● **GOAL OF THE EXERCISE**: The lines from the beginning of the records below through the one holding "Figure 3. The" are to be copied exactly; leave the pictures out.

Data records:
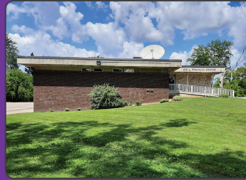
Beecher-Vera B. Rison
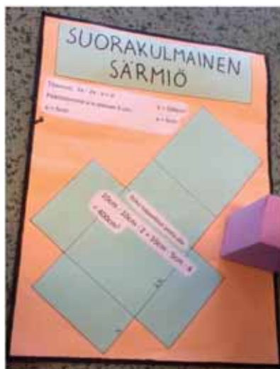
Figure 3. The demonstration of a right rectangular prism as a part of the project named the shape of food casing.

The project in Figure 3 is a good example of using the four languages. The team examined a right rectangular prism as a part of the project. Pupils clearly used mathematical symbolic language, pictorial language, and tangible language. Additionally, they presented their work orally.
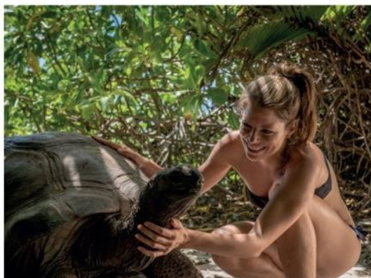
SEYCHELLES: Dream Islands in the Indian Ocean (May 2026 – October 2026)
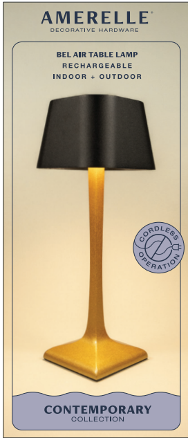
MATTE BLACK CHAMPAGNE BRONZE BL-3BELA-MBCB

VISIT AMERELLEWALLPLATES.COM FOR MORE INFORMATION
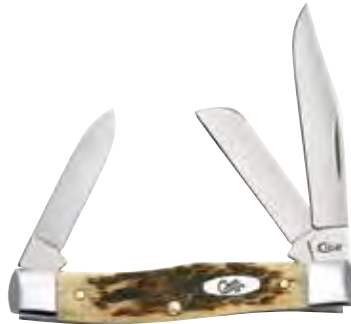
00079 MEDIUM STOCKMAN
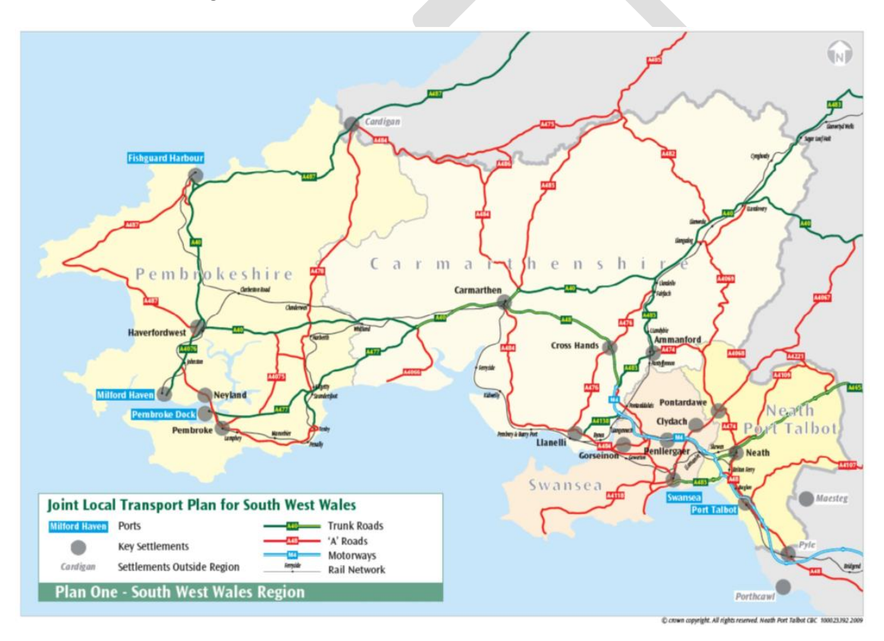
Figure 1 – Area Considered in the South West Wales Regional Transport Plan.
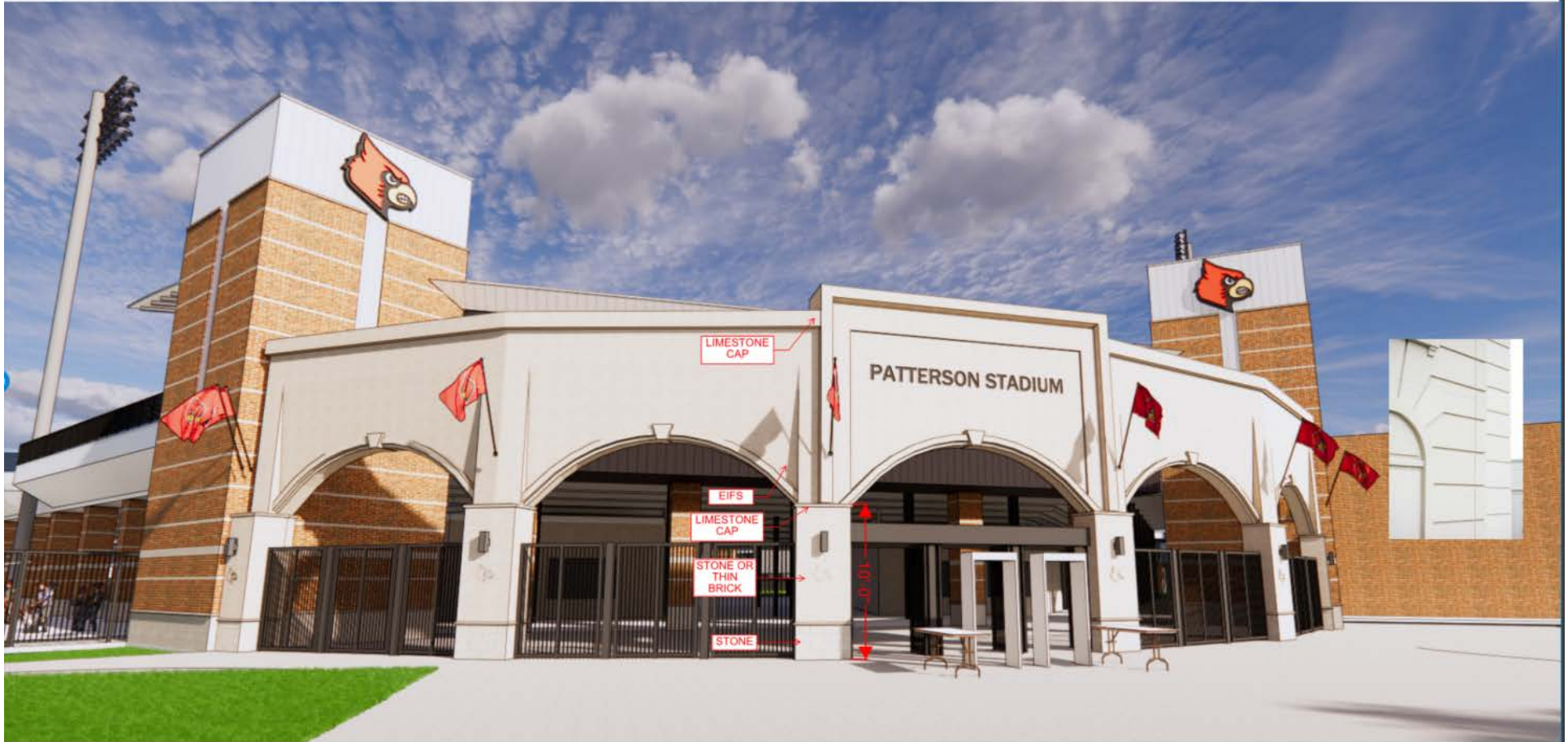
Site Perspective Entry Gate

Jim Patterson Stadium Master Plan Concept Design 09.28.21

● **OUTPUT FOR THIS TASK**:
Beecher-Vera B. Rison
Figure 3. The demonstration of a right rectangular prism as a part of the project named the shape of food casing.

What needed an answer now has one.